Please output the section of the listing below that opens with the line containing "TE Part #D369-R33-NS1" and closes with the line containing "Health Camp organized", exactly and with nothing else.
-------- Information provided
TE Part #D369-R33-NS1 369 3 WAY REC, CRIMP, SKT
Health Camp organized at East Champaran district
----------------
-------- Information provided
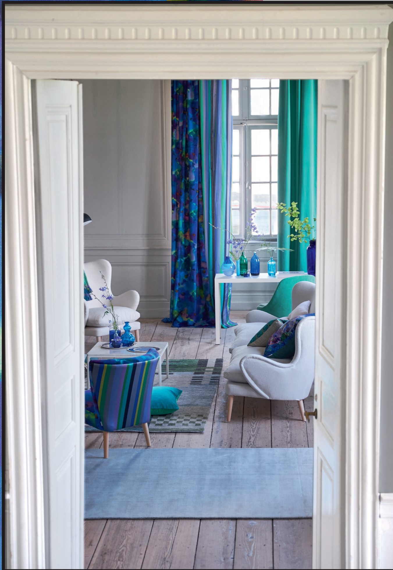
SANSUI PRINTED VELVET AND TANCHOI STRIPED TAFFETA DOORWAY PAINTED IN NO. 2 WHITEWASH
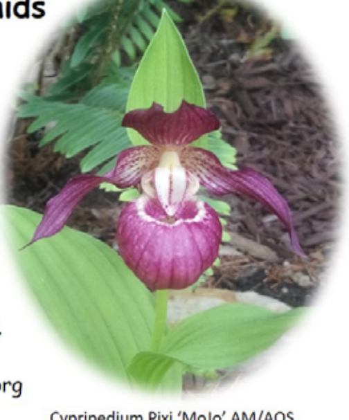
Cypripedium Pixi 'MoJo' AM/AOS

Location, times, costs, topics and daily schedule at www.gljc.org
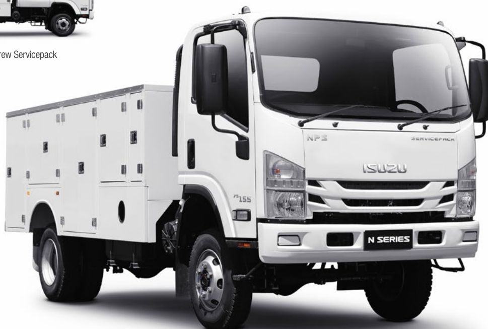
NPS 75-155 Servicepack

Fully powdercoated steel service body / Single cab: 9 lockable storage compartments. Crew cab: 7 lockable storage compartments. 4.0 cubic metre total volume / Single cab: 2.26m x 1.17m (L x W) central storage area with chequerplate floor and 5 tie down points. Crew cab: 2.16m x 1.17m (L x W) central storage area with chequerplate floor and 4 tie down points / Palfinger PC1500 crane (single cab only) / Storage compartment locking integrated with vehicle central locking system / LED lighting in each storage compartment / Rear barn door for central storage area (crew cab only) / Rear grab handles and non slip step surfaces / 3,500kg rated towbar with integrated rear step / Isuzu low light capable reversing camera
----------------
▶ _Result of the task_:
TE Part #D369-R33-NS1 369 3 WAY REC, CRIMP, SKT
Health Camp organized at East Champaran district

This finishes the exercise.